* [Problem to solve]: Without the pictures, restate all of the data below word for word.

* [Data entries]:
+===+

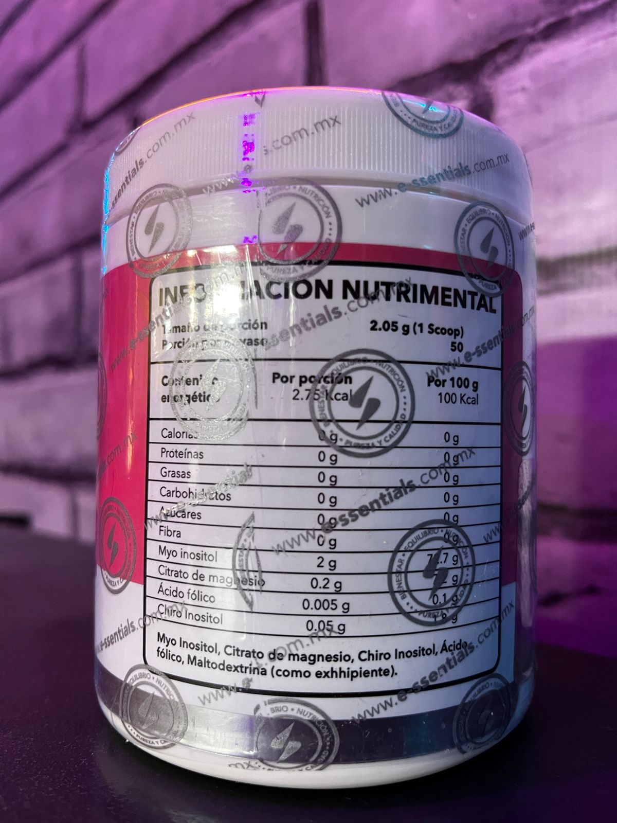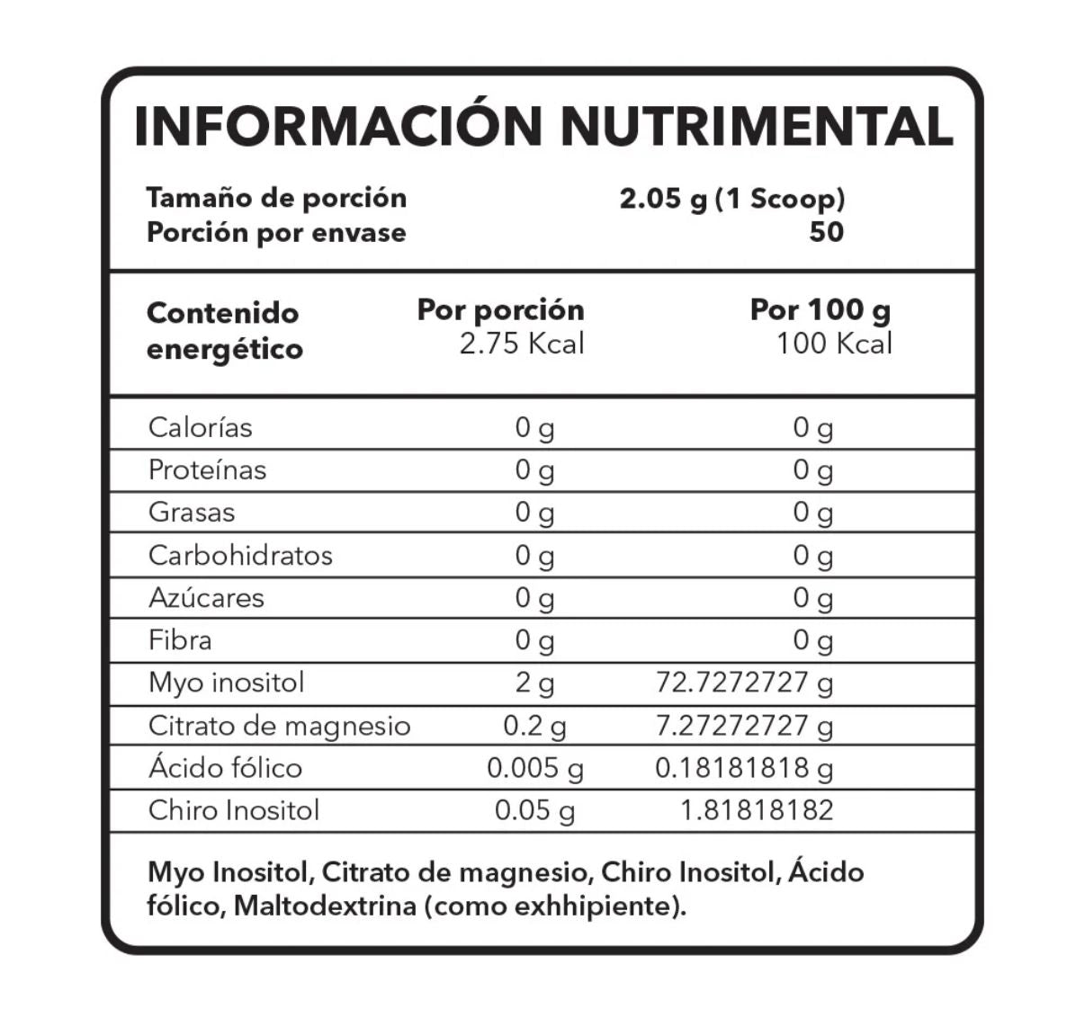 Suplemento en polvo a base de inositol, chiro inositol, vitaminas y minerales.
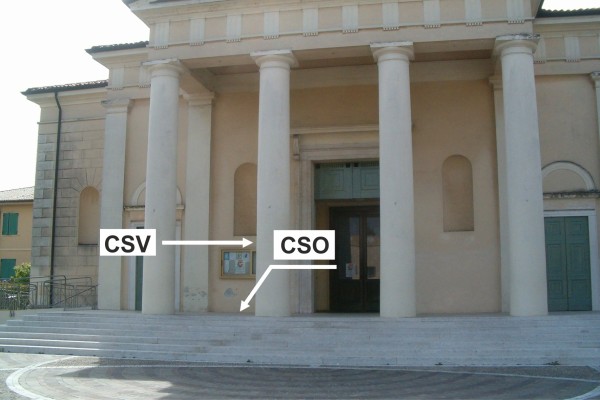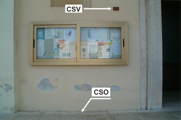 [{"simbolo_contrassegno":"B3","materializzazione":"(CSO) – Cerchio inciso sullo zoccolo alla base della facciata, sotto una nicchia dell'atrio, a sinistra della porta d'ingresso alla chiesa."},{"simbolo_contrassegno":"V3","materializzazione":"(CSV) – Piastrina antica IGM infissa sulla facciata suddetta, in corrispondenza del CSO."}]
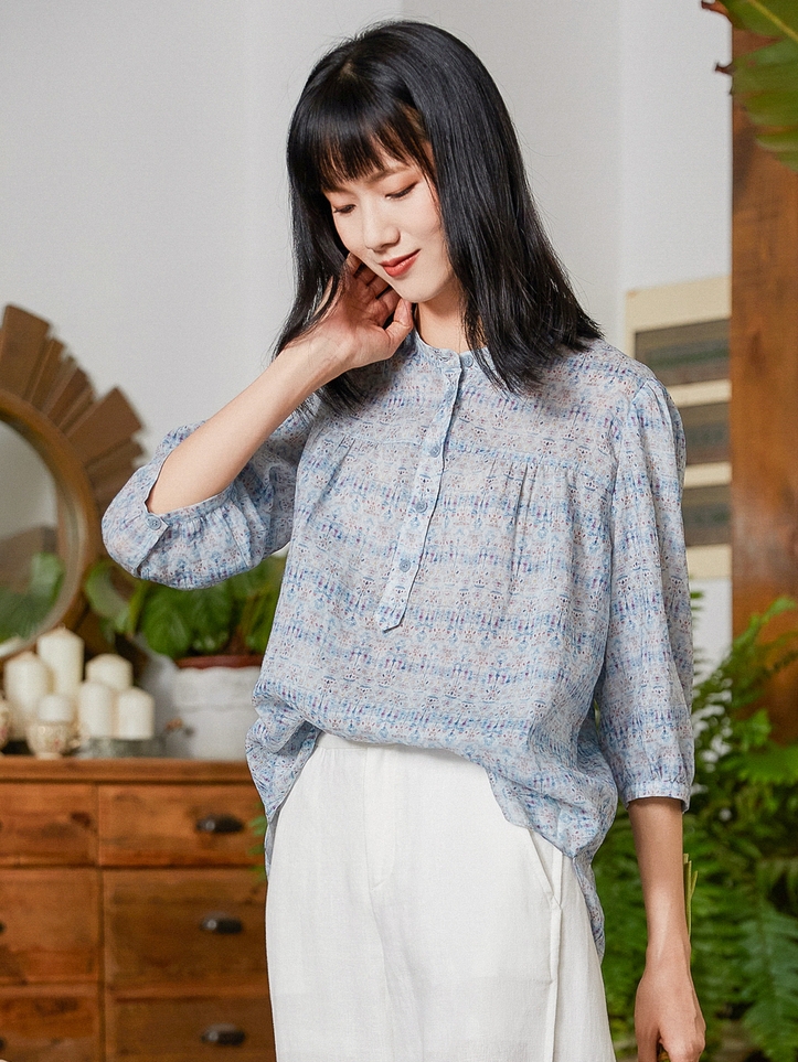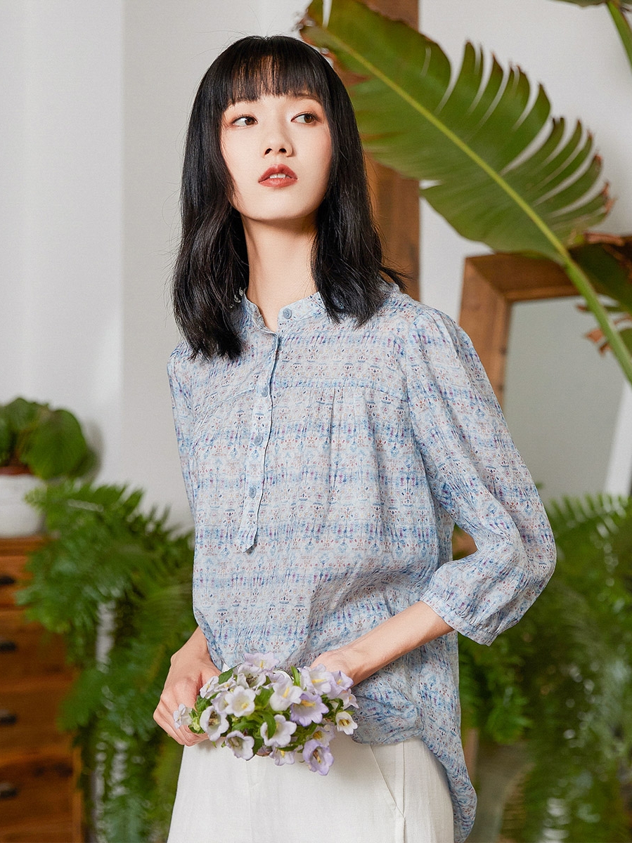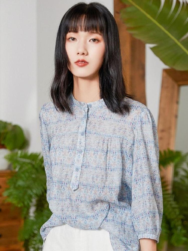 融合大气十分显女人气质衬衫,穿起來加舒服透气性,蓝花纹设计,含有清新的视觉冲击,多纽扣设计提高引人注意。
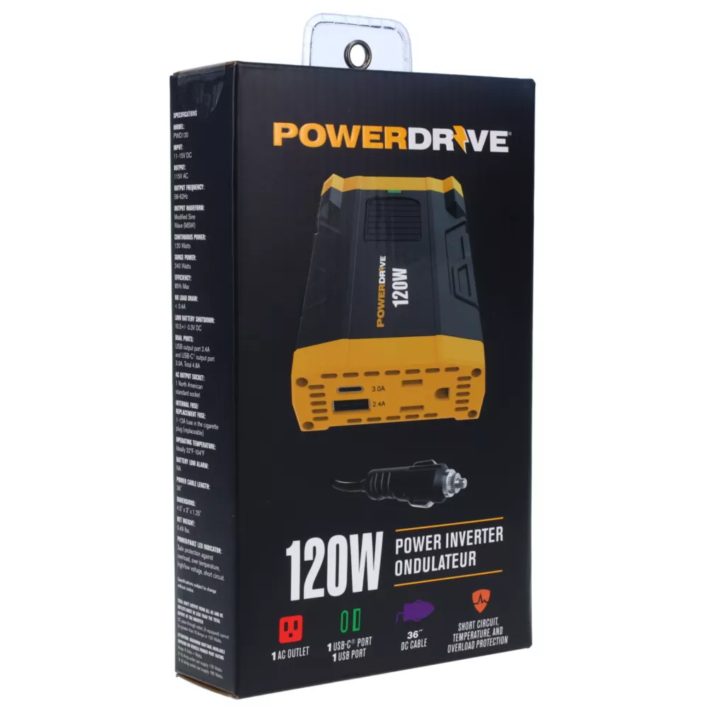 Keep the PowerDrive 120W power inverter in your car or truck to charge your phone and other small electrical devices while on the road. This slim design power inverter is able to power AC devices rated up to 100 watts with continuous power. You can power multiple appliances using the single AC outlet and 2 USB ports on this car inverter. Converts 12v to 110v. Battery to inverter cables are an ample 36 inches long. A great gift for travelers or anyone who tailgates and camps. Use this DC to AC cigarette lighter socket adapter to power small appliances and laptops and more. Perfect for on-the-go. Surge power is 250 watts. This power inverter comes with short circuit and temperature protection plus overload protection for peace of mind.- 120W continuous power - powers AC devices like a lamp or laptop up to 120 watts
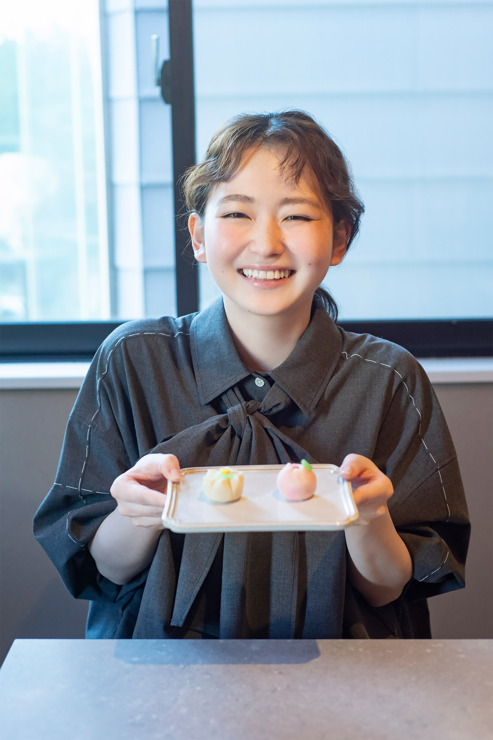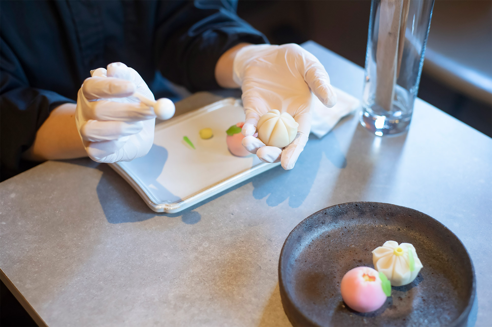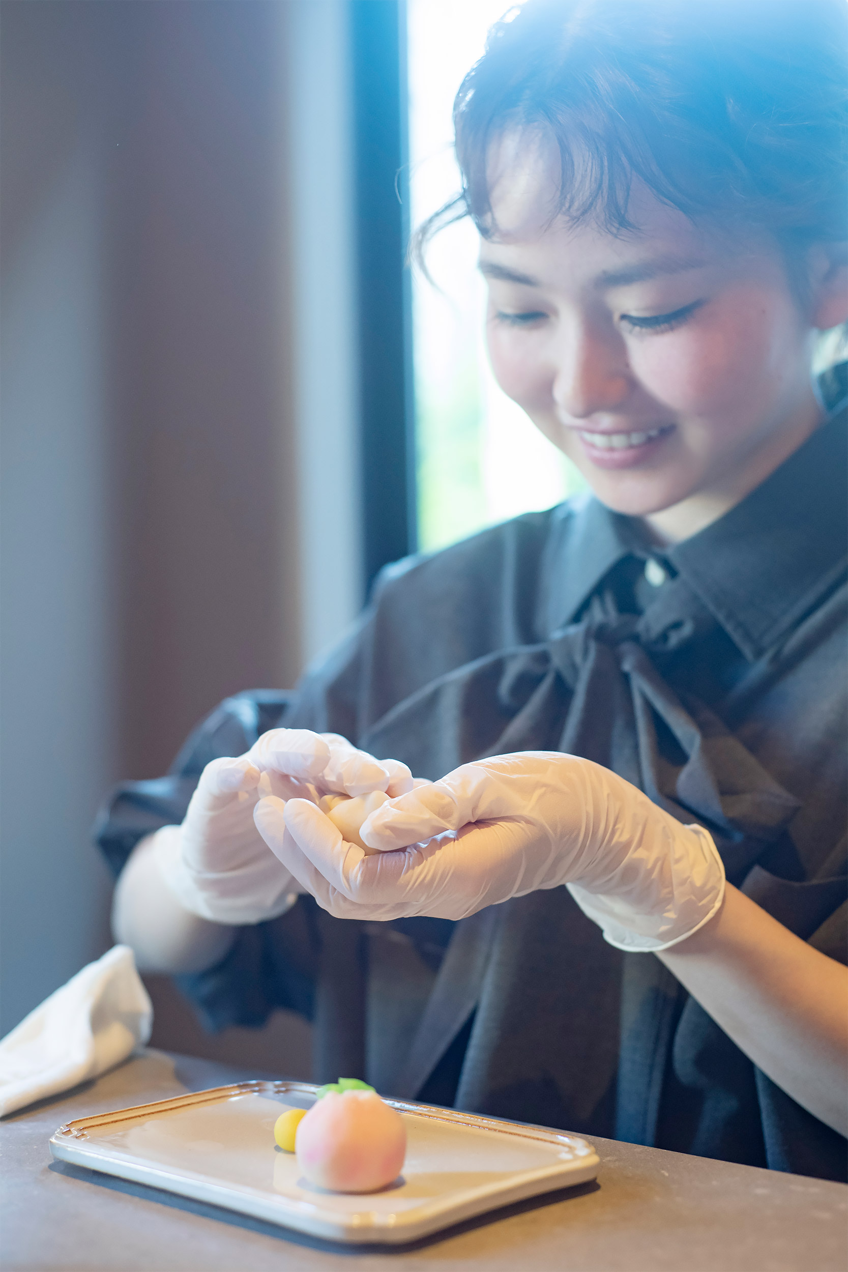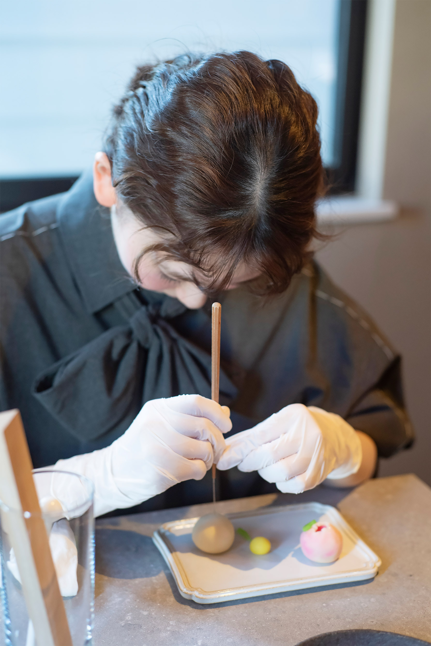 「寒牡丹」と同じように、まずはベースになる練り切り餡をころころと丸めます。餡を丸めるときは手のひら全体を使うというコツを掴んで、早くも所作が板についてきた山田さん。
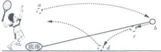 C.网球从b到c的过程中,网球的动能转化为弹力线的弹性势能
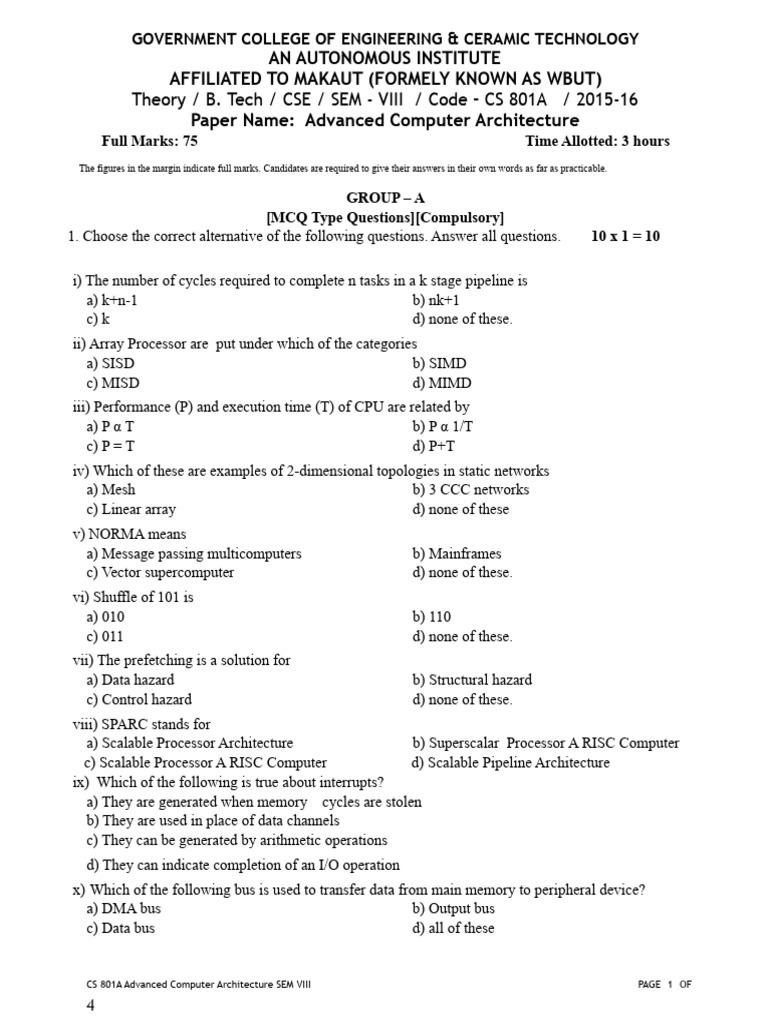 CS 801A Advanced Computer Architecture SEM VIII PAGE 4 OF

+===+

* [Answer box]:
 Suplemento en polvo a base de inositol, chiro inositol, vitaminas y minerales.
 [{"simbolo_contrassegno":"B3","materializzazione":"(CSO) – Cerchio inciso sullo zoccolo alla base della facciata, sotto una nicchia dell'atrio, a sinistra della porta d'ingresso alla chiesa."},{"simbolo_contrassegno":"V3","materializzazione":"(CSV) – Piastrina antica IGM infissa sulla facciata suddetta, in corrispondenza del CSO."}]
 融合大气十分显女人气质衬衫,穿起來加舒服透气性,蓝花纹设计,含有清新的视觉冲击,多纽扣设计提高引人注意。
 Keep the PowerDrive 120W power inverter in your car or truck to charge your phone and other small electrical devices while on the road. This slim design power inverter is able to power AC devices rated up to 100 watts with continuous power. You can power multiple appliances using the single AC outlet and 2 USB ports on this car inverter. Converts 12v to 110v. Battery to inverter cables are an ample 36 inches long. A great gift for travelers or anyone who tailgates and camps. Use this DC to AC cigarette lighter socket adapter to power small appliances and laptops and more. Perfect for on-the-go. Surge power is 250 watts. This power inverter comes with short circuit and temperature protection plus overload protection for peace of mind.- 120W continuous power - powers AC devices like a lamp or laptop up to 120 watts
 「寒牡丹」と同じように、まずはベースになる練り切り餡をころころと丸めます。餡を丸めるときは手のひら全体を使うというコツを掴んで、早くも所作が板についてきた山田さん。
 C.网球从b到c的过程中,网球的动能转化为弹力线的弹性势能
 CS 801A Advanced Computer Architecture SEM VIII PAGE 4 OF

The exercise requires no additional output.